## WORKING DATA:

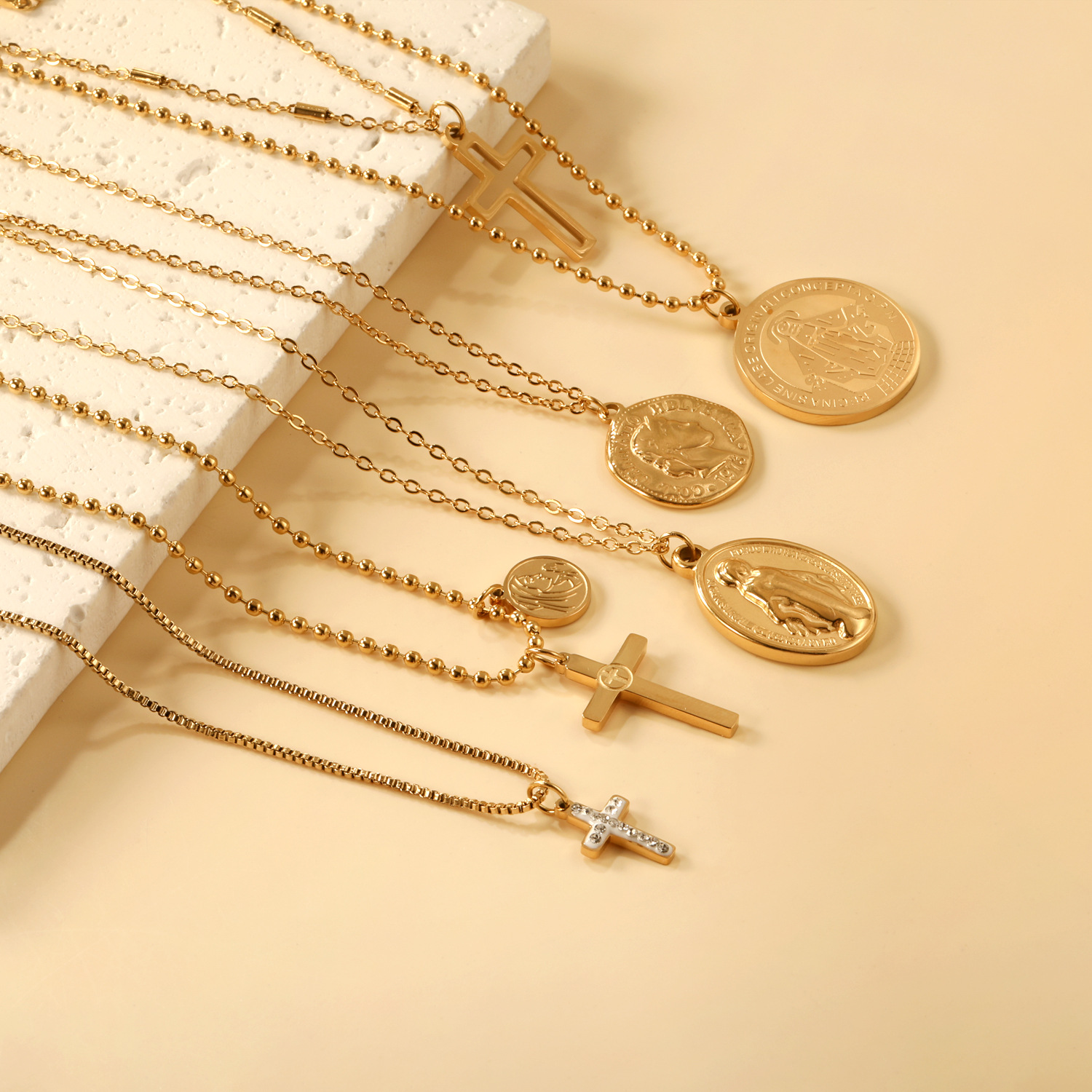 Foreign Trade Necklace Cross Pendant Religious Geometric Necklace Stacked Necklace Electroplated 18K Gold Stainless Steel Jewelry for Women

==

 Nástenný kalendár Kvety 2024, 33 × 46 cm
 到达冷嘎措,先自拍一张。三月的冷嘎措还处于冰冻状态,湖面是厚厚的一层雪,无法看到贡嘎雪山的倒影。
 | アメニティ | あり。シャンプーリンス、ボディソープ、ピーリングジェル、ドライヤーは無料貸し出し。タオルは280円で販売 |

## WHAT YOU SHOULD DO:
For this exercise, please output exactly the lines above starting at the line with "Nástenný kalendár Kvety 2024, 33 × 46 cm" and ending at the line with "アメニティ | あり。シャンプーリンス、ボディソープ、ピーリングジェル、ドライヤーは無料貸し出し。タオルは280円で販売 |", ends included.

## RESPONSE TO THE EXERCISE:
 Nástenný kalendár Kvety 2024, 33 × 46 cm
 到达冷嘎措,先自拍一张。三月的冷嘎措还处于冰冻状态,湖面是厚厚的一层雪,无法看到贡嘎雪山的倒影。
 | アメニティ | あり。シャンプーリンス、ボディソープ、ピーリングジェル、ドライヤーは無料貸し出し。タオルは280円で販売 |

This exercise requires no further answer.